◆ **DATA FOR THIS TASK**
^^^^

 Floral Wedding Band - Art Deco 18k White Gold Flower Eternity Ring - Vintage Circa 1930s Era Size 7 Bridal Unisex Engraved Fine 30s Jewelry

^^^^

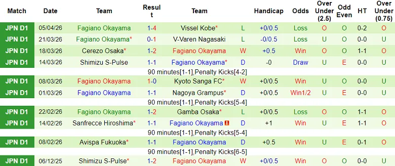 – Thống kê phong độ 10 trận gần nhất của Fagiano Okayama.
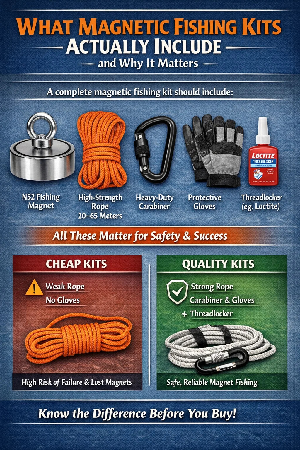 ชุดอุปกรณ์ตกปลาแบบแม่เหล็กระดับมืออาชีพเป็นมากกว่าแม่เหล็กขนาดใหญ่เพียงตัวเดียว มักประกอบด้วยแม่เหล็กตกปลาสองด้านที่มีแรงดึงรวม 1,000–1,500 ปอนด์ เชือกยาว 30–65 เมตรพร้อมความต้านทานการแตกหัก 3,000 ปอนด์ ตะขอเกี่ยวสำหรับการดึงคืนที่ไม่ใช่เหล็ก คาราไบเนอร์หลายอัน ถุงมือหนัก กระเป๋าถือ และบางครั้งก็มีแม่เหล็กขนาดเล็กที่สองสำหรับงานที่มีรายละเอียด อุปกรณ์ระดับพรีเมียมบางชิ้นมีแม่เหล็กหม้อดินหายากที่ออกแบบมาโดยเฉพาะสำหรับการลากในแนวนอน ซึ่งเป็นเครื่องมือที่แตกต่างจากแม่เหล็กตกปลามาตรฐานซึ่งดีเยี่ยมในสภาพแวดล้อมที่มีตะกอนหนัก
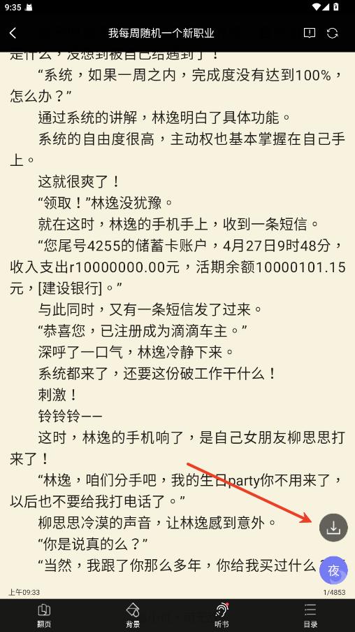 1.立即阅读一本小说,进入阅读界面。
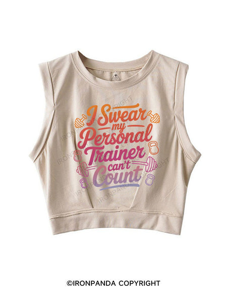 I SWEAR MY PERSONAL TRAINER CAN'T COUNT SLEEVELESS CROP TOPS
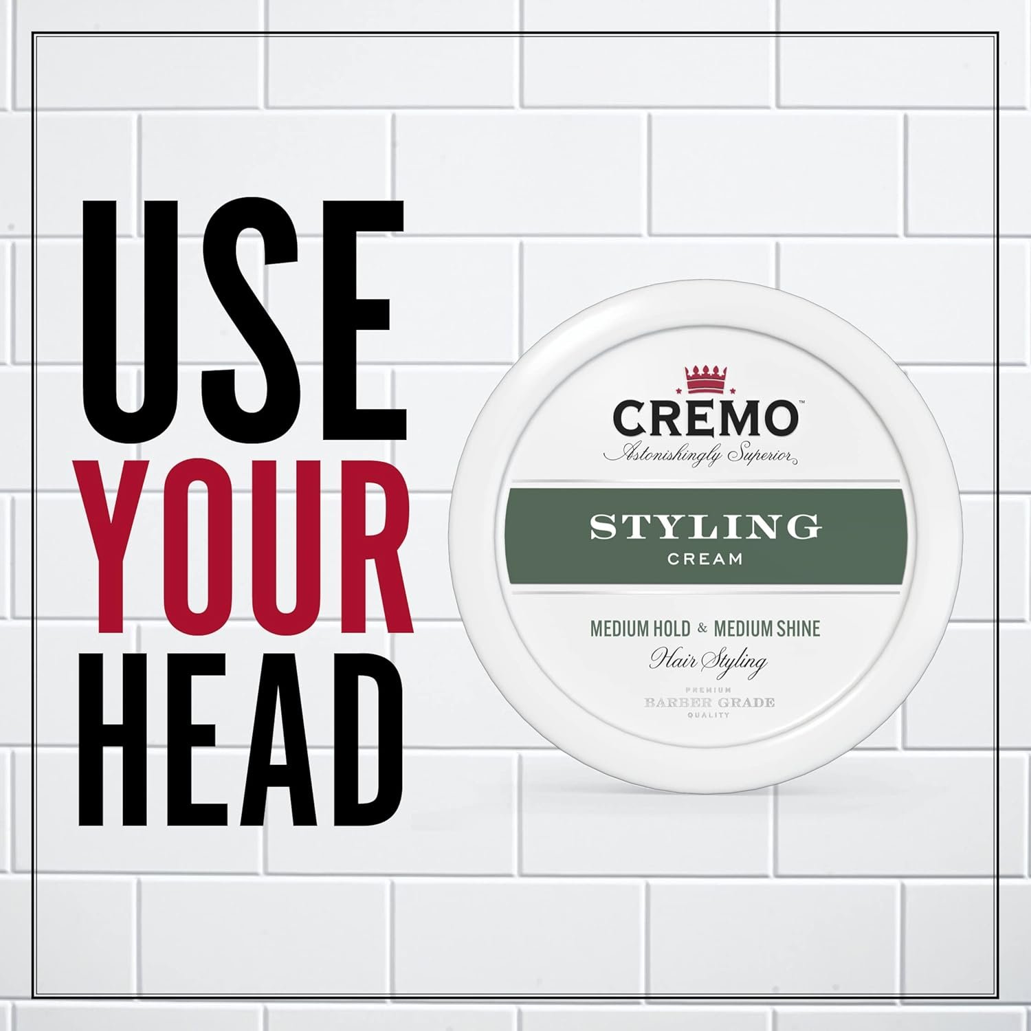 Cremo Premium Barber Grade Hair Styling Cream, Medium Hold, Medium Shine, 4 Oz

^^^^

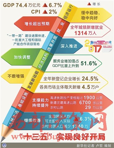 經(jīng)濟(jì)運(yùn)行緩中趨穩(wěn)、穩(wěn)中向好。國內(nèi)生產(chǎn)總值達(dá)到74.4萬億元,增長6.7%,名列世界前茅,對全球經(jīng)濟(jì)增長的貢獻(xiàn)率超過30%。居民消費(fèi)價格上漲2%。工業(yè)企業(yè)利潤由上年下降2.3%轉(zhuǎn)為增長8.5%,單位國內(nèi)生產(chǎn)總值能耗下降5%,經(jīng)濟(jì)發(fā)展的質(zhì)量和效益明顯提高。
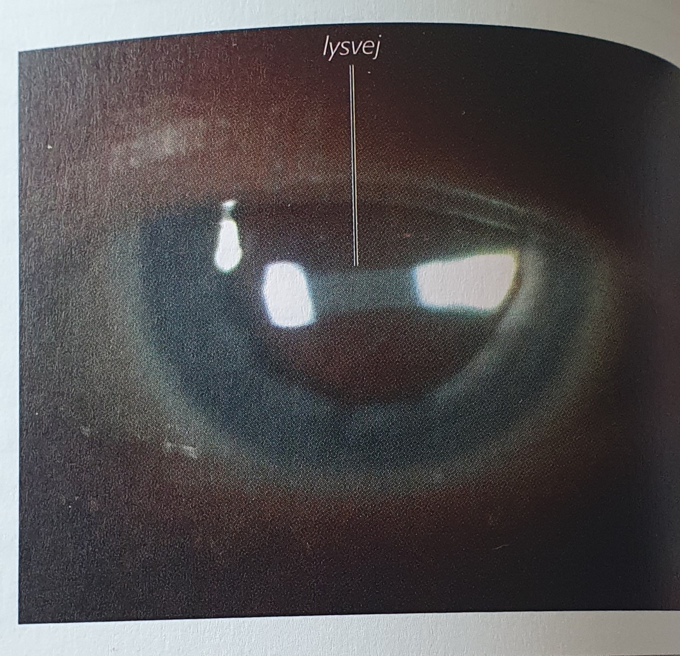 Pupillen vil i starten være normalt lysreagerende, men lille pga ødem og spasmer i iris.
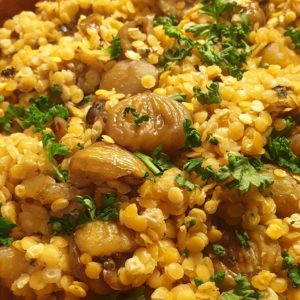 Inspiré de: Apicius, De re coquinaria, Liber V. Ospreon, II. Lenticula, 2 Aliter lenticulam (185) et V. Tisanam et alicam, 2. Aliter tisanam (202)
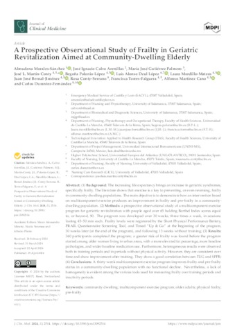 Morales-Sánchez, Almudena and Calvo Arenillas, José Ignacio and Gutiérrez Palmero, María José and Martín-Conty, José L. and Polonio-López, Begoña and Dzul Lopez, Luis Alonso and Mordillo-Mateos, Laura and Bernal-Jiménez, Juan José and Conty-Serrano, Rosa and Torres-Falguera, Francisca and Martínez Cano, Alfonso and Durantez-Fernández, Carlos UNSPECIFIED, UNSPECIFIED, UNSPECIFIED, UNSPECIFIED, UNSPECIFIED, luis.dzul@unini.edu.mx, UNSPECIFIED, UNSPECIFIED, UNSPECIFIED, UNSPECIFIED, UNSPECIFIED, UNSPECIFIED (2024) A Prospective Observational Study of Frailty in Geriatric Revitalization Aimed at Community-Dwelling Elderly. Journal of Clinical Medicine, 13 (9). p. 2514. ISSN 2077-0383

^^^^

◆ **WORK INSTRUCTION**
For the material above, give again only the lines starting at the line that contains "Inspiré de: Apicius, De" and ending at the line that contains "Morales-Sánchez, Almudena and". Pictures do not belong in the copy.

◆ **ANSWER TO THE PROBLEM**
 Inspiré de: Apicius, De re coquinaria, Liber V. Ospreon, II. Lenticula, 2 Aliter lenticulam (185) et V. Tisanam et alicam, 2. Aliter tisanam (202)
 Morales-Sánchez, Almudena and Calvo Arenillas, José Ignacio and Gutiérrez Palmero, María José and Martín-Conty, José L. and Polonio-López, Begoña and Dzul Lopez, Luis Alonso and Mordillo-Mateos, Laura and Bernal-Jiménez, Juan José and Conty-Serrano, Rosa and Torres-Falguera, Francisca and Martínez Cano, Alfonso and Durantez-Fernández, Carlos UNSPECIFIED, UNSPECIFIED, UNSPECIFIED, UNSPECIFIED, UNSPECIFIED, luis.dzul@unini.edu.mx, UNSPECIFIED, UNSPECIFIED, UNSPECIFIED, UNSPECIFIED, UNSPECIFIED, UNSPECIFIED (2024) A Prospective Observational Study of Frailty in Geriatric Revitalization Aimed at Community-Dwelling Elderly. Journal of Clinical Medicine, 13 (9). p. 2514. ISSN 2077-0383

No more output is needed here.